Current versions of the Swift compiler are unable to specialize generic types that are imported from external modules other than the standard library. (In fact, it is not entirely incorrect to say that the standard library works as if it was compiled each time anew as part of every Swift module rather than linked in as an opaque external binary.)

This limitation puts a considerable limit on the raw performance achievable by collection types imported from external modules, especially if they are parameterized with simple, extremely optimizable value types such as Int or even String. Relying on import will incur a 10-200x slowdown when your collection is holding these most basic value types. (The effect is much reduced for reference types, though.)

Without access to the full source code of the collection, the compiler is unable to optimize away abstractions like virtual dispatch tables, function calls and the rest of the fluff we've learned to mostly ignore inside a module. In cross-module generics, even retrieving a single Int will necessarily go through at least one lookup to a virtual table. This is because the code that implements the unspecialized generic also executes for type parameters that contain reference types, whose reference count needs to be maintained.

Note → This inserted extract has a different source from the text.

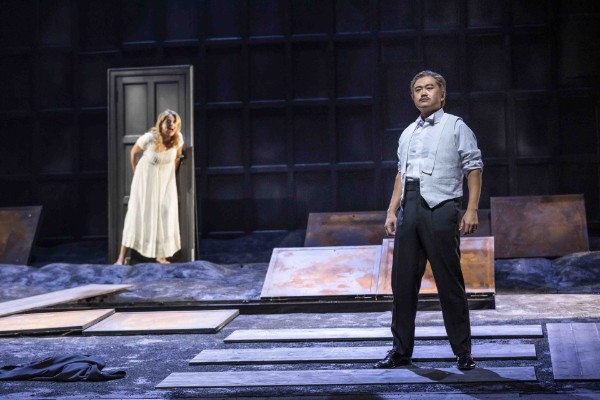 Die Inszenierung versetzt das Stück aus dem spätviktorianischen Zeitalter – Libretto-Vorlage ist eine Kurzgeschichte von Henry James aus dem Jahre 1893 – in den Ersten Weltkrieg. Bereits das erste Bild (möglicherweise eine Vision des Protagonisten) entkleidet die Ausbildung an der Waffe als sadistische Quälerei, denn die vermeintlichen Pappkameraden, auf die die Rekruten mit ihren Bajonetten in einer Gefechtsübung einstechen, sind in Wahrheit gefangene deutsche Soldaten, die reglos vom Schnürboden hängen. Während sein Freund und Kamerad Lechmere (ein überzeugend skrupelloser Yoonki Baek mit scharfem Tenor) genüßlich sein Bajonett in dem leblosen Körper dreht, weicht der Titelheld vor der Gewalttat zurück, worauf das durch die Angriffe der vorigen Soldaten längst tote Opfer seine Hände flehend zu ihm erhebt. Ob aus Grauen vor der gespenstischen Geste oder aus Hilflosigkeit in der peinigenden Situation – Owen sticht schließlich doch auf die Gestalt ein, die dann endgültig in die Schlaffheit einer Leiche verfällt.

If raw performance is essential, currently the only way out of this pit is to put the collection's code inside your module. (Other than hacking stdlib to include these extra types, of course -- but that is a bad idea for a thousand obvious reasons.) However, having each module maintain its own set of collections would smell horrible, plus it would make it hard or impossible to transfer collection instances across module boundaries. Plus, if this strategy would be used across many modules, it would lead to a C++ templates-style (or worse) code explosion. A better (but still rather unsatisfactory) workaround is to compile the collection code with the single module that benefits most from specialization. The rest of the modules will still have access to it, if in a much slower way.

The Swift compiler team has plans to address this issue in future compiler versions, e.g., by allowing library authors to manually specialize generics for a predetermined set of type parameters.